25 messages in org.codehaus.groovy.userRe: [groovy-user] File encoding problem
FromSent OnAttachments
Michael BaehrMar 23, 2007 7:25 am 
Guillaume LaforgeMar 23, 2007 9:31 am 
Michael BaehrMar 23, 2007 9:57 am 
Guillaume LaforgeMar 23, 2007 10:07 am 
Michael BaehrMar 23, 2007 10:16 am 
Guillaume LaforgeMar 23, 2007 10:20 am 
Michael BaehrMar 23, 2007 10:24 am 
Guillaume LaforgeMar 23, 2007 12:19 pm 
Michael BaehrMar 23, 2007 12:36 pm.groovy
Russel WinderMar 23, 2007 12:41 pm 
Guillaume LaforgeMar 23, 2007 12:47 pm 
Michael BaehrMar 23, 2007 12:52 pm 
Russel WinderMar 23, 2007 12:53 pm 
Michael BaehrMar 23, 2007 12:54 pm 
Russel WinderMar 23, 2007 12:58 pm 
Michael BaehrMar 23, 2007 1:01 pm 
Russel WinderMar 23, 2007 1:04 pm 
Michael BaehrMar 23, 2007 1:05 pm 
Russel WinderMar 23, 2007 1:06 pm 
Michael BaehrMar 23, 2007 1:24 pm 
Russel WinderMar 23, 2007 1:31 pm 
Michael BaehrMar 23, 2007 1:40 pm 
Gavin GroverMar 23, 2007 4:51 pm 
Barzilai SpinakMar 23, 2007 6:39 pm 
Jochen TheodorouMar 25, 2007 9:59 am 
Actions with this message:
Paste this link in email or IM:
Paste this link in email or IM:
Atom feed for this thread
Paste this URL into your reader:
Subject:Re: [groovy-user] File encoding problemActions...
From:Barzilai Spinak (bar@creacion.com.uy)
Date:Mar 23, 2007 6:39:07 pm
List:org.codehaus.groovy.user

Let's see if I can put some order into all this, and I hope I don't make many conceptual mistakes, but I have "fought" a lot with i18n issues and platform differences. Most of you may already know most of what I'll say but it's always good to remember some details.

Windows XP *can* use Unicode if the program specifies it in some way or (I think) if it was installed to have Unicode as the default character encoding. But *normally* most Windows will be setup to use a local character encoding by default. In Windows, the most common one for Western Europe/America is technically Windows-1252 (also known as code page 1252), which is more or less a superset of ISO-8859-1, which in turn coincides with Latin-1 (the first "page" or "chart" in the Unicode set, from U+0000 to U+00FF). Win-1252 is a one-byte-per-char encoding.

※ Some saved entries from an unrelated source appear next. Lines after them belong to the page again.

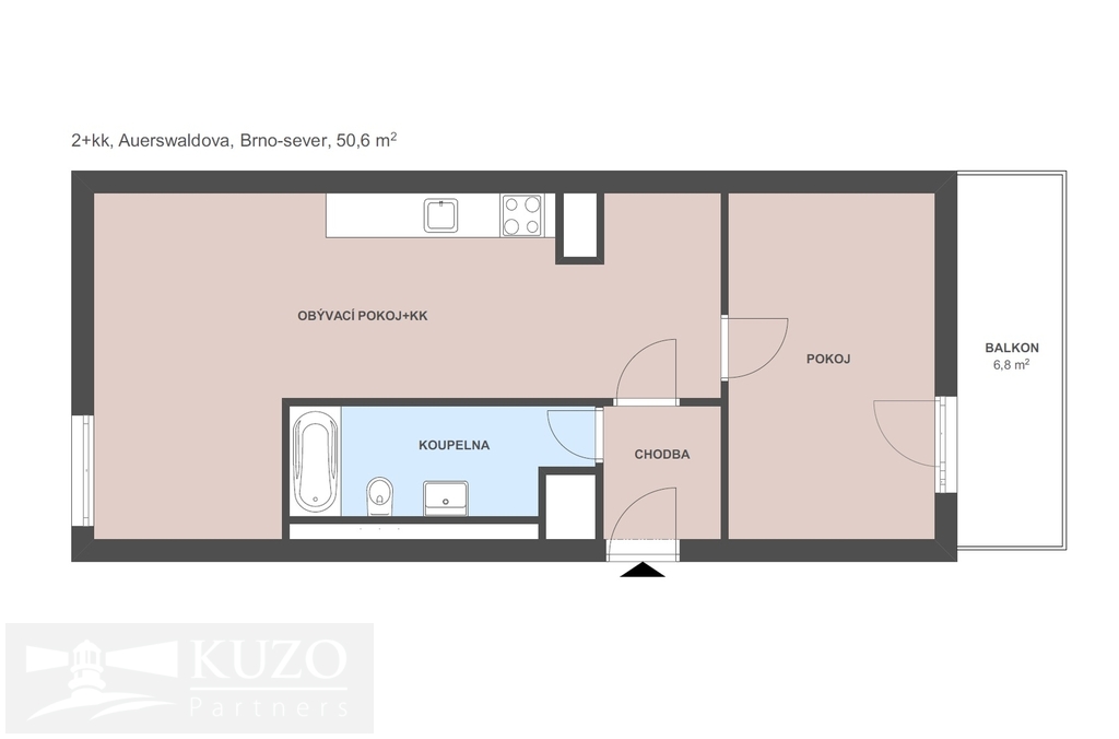 UP - 50,60 m², CP - 57,40 m², balkon - 6,8 m².
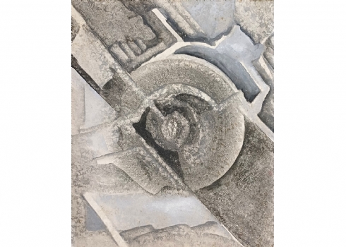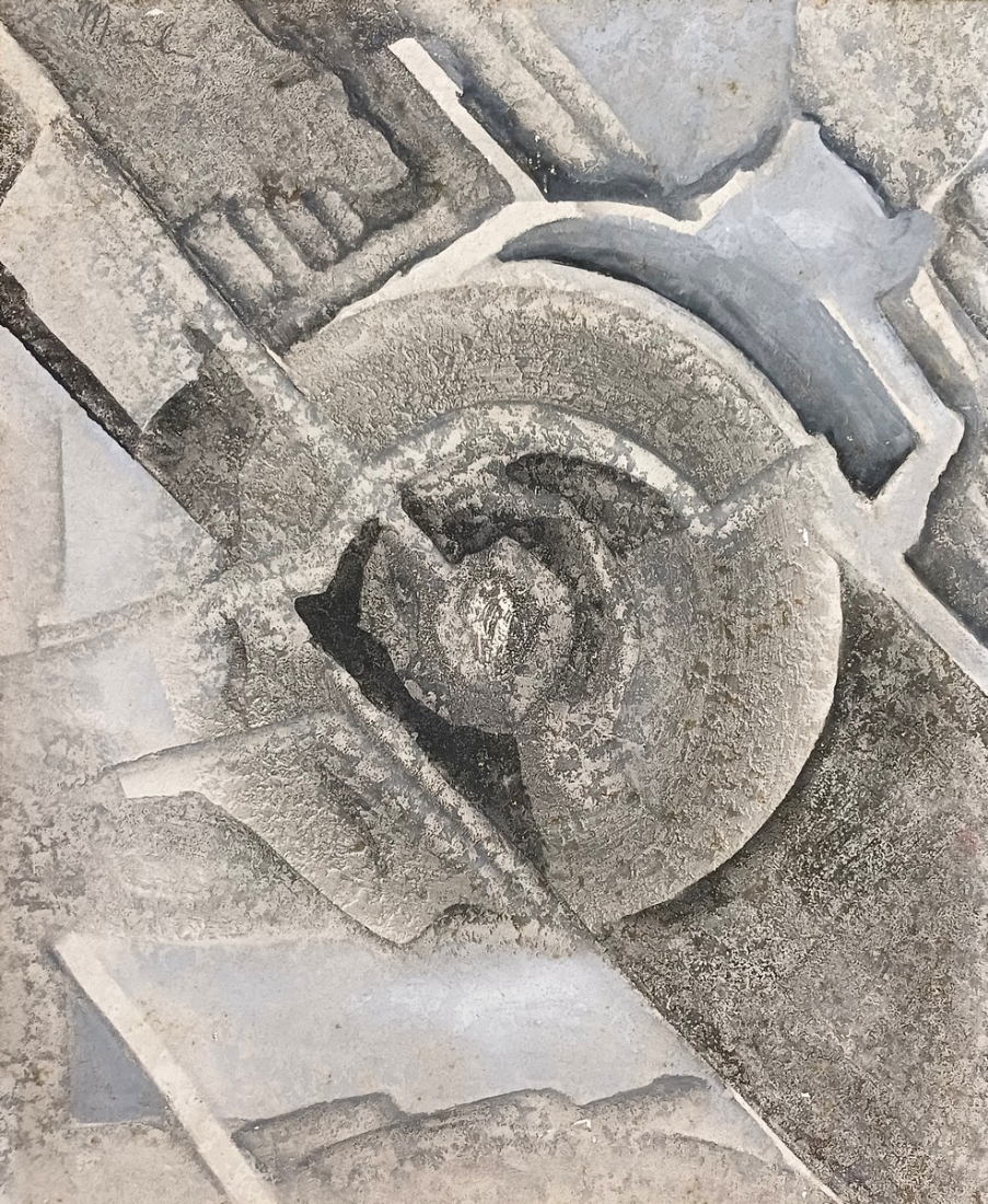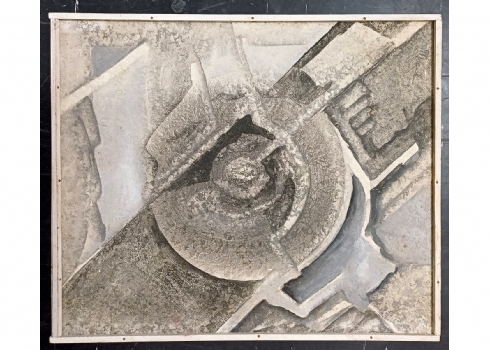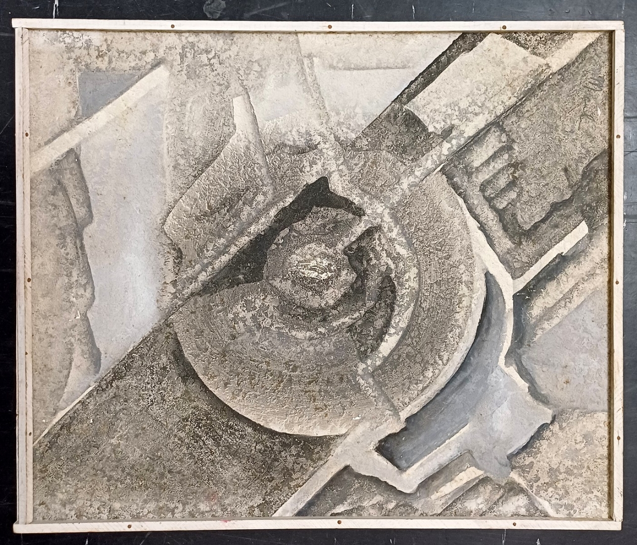 'אוונגרד של אגרוף אפור' - ציור שמן על לוח, חתום ונושא כיתוב בגב הציור, אמן לא מזוהה
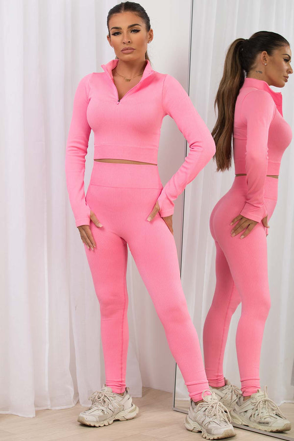 Ribbed lounge set with half zip. This loungewear set will refresh your casual or gym wear wardrobe. Featuring premium stretch ribbed long sleeve top with half zip detail and matching...
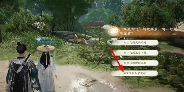 3、在对话中选择【向里飞则加官进禄】。
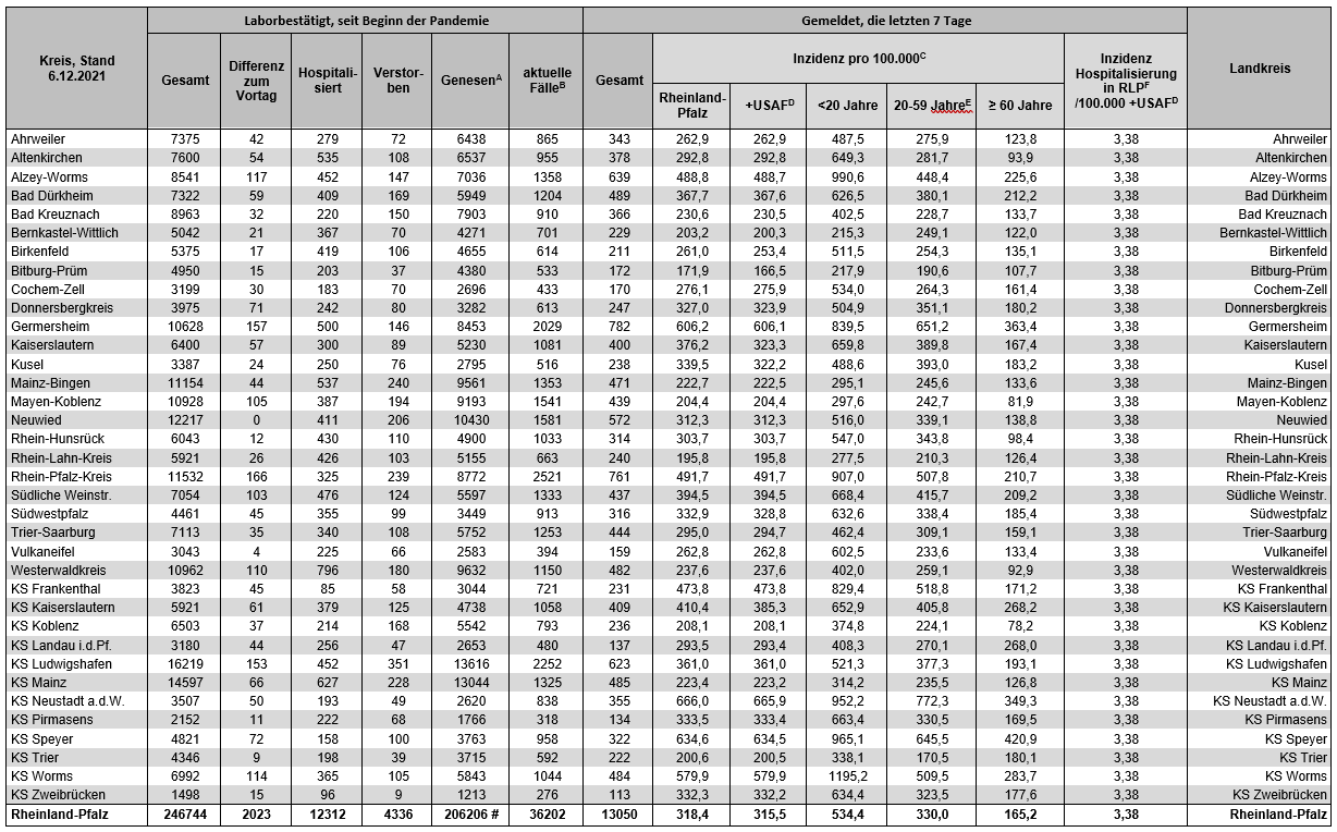 Coronavirus SARS-CoV-2: Fallzahlen für Rheinland-Pfalz, (Datenstand vom 06.12.2021, 14:10 Uhr)

Now, if you go to the Windows console (aka "DOS prompt") you'll find that it's probably using a *different* encoding/charset than the graphical part of Windows. Go to the prompt and type "CHCP". If you are using an English Windows, it will probably show "code page 437", which is more or less the old IBM Extended ASCII set. If you are in Western Europe you'll probably see "code page 850" or something similar. These are also one-byte-per-char encodings, but the upper 128 chars are different from Win-1252. That's why sometimes (in Java) your println's of accented characters will show different from when you display the same String in a Swing component for example.

Now Java: Internally, all Java chars/Strings are Unicode. But when you have to translate text from/to the outside world, you have to specify in which encoding your data will be coming in (or going out). Your source .java file can also be written in any encoding (with some quirks...). If you don't tell the compiler (javac) what encoding your source code is, it will use the platform default. Please not, that even though you may be running javac from the command prompt (DOS prompt), the "platform default encoding" will be the one Windows reports it to be (the one used in the graphical Windows), and not the one reported in the console/command prompt!!!!! In any case, if you give the wrong encoding (or your file is in a different encoding and you don't tell javac about it) the file will be wrongly interpreted and if you're lucky it may even fail the compilation. After compilation, the .class file will store all String constants in your code as UTF-8 (or whatever the compiler thought was the correct translation of your source text from the default/given encoding into UTF-8) Now, imagine your Java program only outputs text using System.out.println() and you run your program from the console. What will happen now? The Java serializer for the String will convert the internal Unicode String into the sequence of bytes for your platform default (for instance Windows-1252). But since your console is probably in cp437 or something else from the DOS days, you will see strange characters where your accented letters should be.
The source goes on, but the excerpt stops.